Google Cardboard

Bringing the future of virtual reality to the big stage for Google I/O 15.

In 2014, Google announced Cardboard, a ingenious cardboard viewer that had the power to bring Virtual Reality to the masses. Since then the VR team at Google has been pushing Cardboard to bold new frontiers. And they came to us for help to launch the next big step, specifically the Keynote at Google I/O 15.

Expeditions allows teachers to bring their curriculum alive by taking their students on field trips to almost anywhere they can imagine, giving students a deeper understanding of the world beyond the classroom.

We documented actual classrooms around the world that were a part of the Expeditions pilot program, capturing the magical moment when students and teachers alike used the app for the first time.

Another big reveal was the JUMP pipeline, which gives creators the tools they need to capture their world and then bring it to millions of VR users.
We worked together with Google to create a film shot completely on the JUMP camera – the first time anyone outside of the camera team at Google got access to any of the material.

It all came together to a 10 minute presentation, the finale of the Keynote at Google I/O15.

The display system was the largest yet. A 600 feet seamless display that wrapped around the audience of 4000 developers and reporters at the Moscone Center West in San Francisco. Google Cardboard is all about immersion and we wanted to use this screen as a medium to immerse the audience into our story. By utilizing the whole canvas at key moments we were able to transport our audience and give them a taste of what using Google Cardboard is like.

Understanding how to best tell a story on a display system of this scale is a challenge. It was a unique build for the keynote, so there were no references to learn from. To better understand the display and the presentation space we built a custom WebGL viewer that allowed us to prototype our keynote animations in a realtime 3d environment, right in the browser.
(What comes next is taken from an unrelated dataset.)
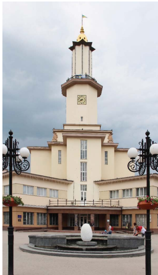
Il. 10. Ratusz w Stanisławowie. Przebudowany w nurcie modernizmu lat trzydziestych XX wieku, z zauważalnymi wpływami ekspresjonizmu, art-deco i krakowskiej szkoły architektury kryształkowej (fot. Maciej Złowodzki).

III. 9. The building of the Prague Bank in Lviv, realized in the years 1911–1912 (photo: Katarzyna Zawada-Pęgiel).

It allowed us to iterate quickly on our ideas and gave our clients a chance to see it all come together long before the display system was physically assembled.
Together with the keynote announcements, we also updated the Google Cardboard site that went live at the moment of the Keynote presentation.

Google Cardboard quickly became the highlight of the keynote for I/O 15 for many people and we can't wait to see what experience people will build for it.